The new Penguin Book of the British Short Story is a magnificent production – and at £25 apiece for the two volumes you’d hope it would be. One of the consequences of its magnificence, beyond the 90 writers it includes in its 1,500 pages, from Daniel Defoe to Zadie Smith, is that 25 pages of it are given over to an extended introduction from the editor, Philip Hensher.

Hensher makes a point of acknowledging as inspiration AS Byatt’s 1997 Oxford Book of English Short Stories (37 writers, some two thirds of whom make it into Hensher’s list) and although her introduction is of a comparable length, she spends much of it talking about her individual choices. Hensher takes a more general approach. I read the introduction this morning, and although I’ve only dipped into the stories themselves, Hensher’s excellent piece gives enough prompts for thought about the short story as a form that I want to get them down right away.
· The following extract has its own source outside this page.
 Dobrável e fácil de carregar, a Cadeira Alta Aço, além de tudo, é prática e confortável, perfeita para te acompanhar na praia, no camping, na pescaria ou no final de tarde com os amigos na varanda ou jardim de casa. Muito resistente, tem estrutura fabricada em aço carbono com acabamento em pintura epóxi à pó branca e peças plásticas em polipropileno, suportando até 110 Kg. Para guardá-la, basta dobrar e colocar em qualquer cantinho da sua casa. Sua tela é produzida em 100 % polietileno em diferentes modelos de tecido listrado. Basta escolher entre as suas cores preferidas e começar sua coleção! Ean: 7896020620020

As is traditional in these things, Hensher gives apologies for absence (Anna Kavan, David Rose and Gerard Woodward among them) and boasts of exclusion (HE Bates is witheringly expelled), offers qualms over the wobbliness of the admissions criteria, and attempts at definition, but what I found most useful was the long look Hensher takes at the publishing history of the short story.

As much as any art form, how we experience the story is integral to its make-up, but whereas the novel has, notwithstanding the ancient history of serialisation and the advent of digital technologies, generally offered the same reading experience, the short story has seen a complete upheaval in the means of its delivery. Once, it was read in periodicals of often staggering popularity, sometimes devoted to the form, sometimes showing a more varied mix, whereas now it comes to us by and large in the form of author collections.
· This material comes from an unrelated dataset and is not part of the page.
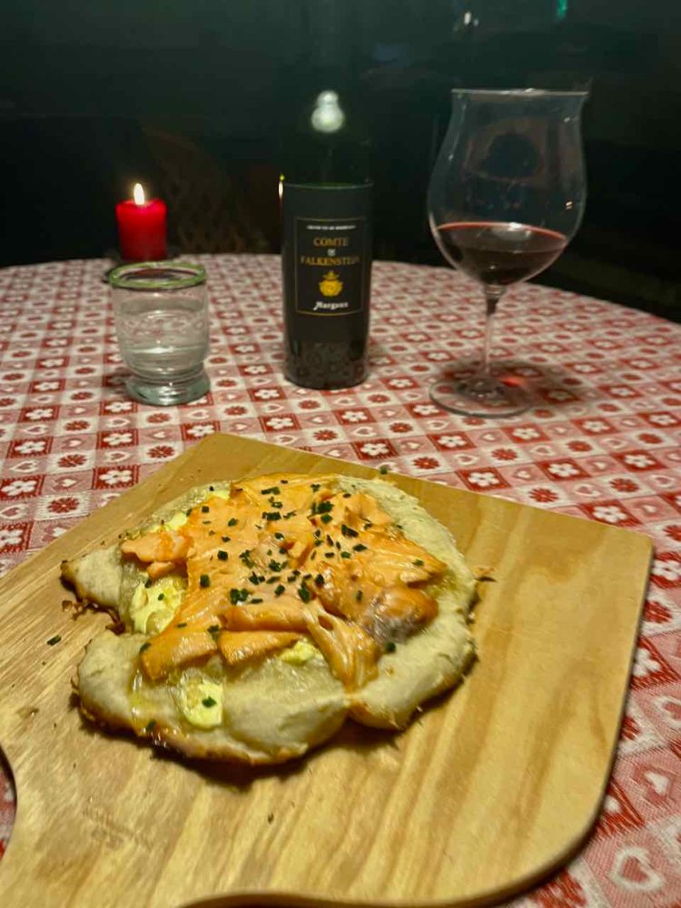 Ich wollte wieder eine Tarte flambeée machen, da ich mich mit dem Wasser aber vertat, wurde es eher eine Pizza. Also Flammkuchen mit Räucherlachs, Schalotten und Knoblauch wieder zum Margaux.

Hensher reminds us that until well into the last century the short story was one of the most lucrative forms available to professional writers, and while this is not exactly forgotten it’s worth considering quite far this aspect has evaporated from the legacy of the short story, for current and recent generations. If, pace Dr. Johnson, no man but a blockhead wrote, except for money, then certainly you’d have to be a major blockhead to write short stories for it under the present circumstances.
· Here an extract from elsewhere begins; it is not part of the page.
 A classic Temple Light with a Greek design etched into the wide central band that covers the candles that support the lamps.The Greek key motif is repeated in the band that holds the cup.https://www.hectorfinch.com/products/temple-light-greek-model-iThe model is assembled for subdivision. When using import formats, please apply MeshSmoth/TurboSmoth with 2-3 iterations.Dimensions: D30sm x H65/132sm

He avoids repeating the old saw that the short story is always undergoing or on the verge of a rebirth or revival; in fact his assessment of the current state of the form is far from positive. Naturally he puts this down to the lack of outlets willing to pay writers for their stories, commending The New Yorker for giving British writers such as Zadie Smith and Tessa Hadley the time and space to develop the art, where nowhere in Britain is willing or able to.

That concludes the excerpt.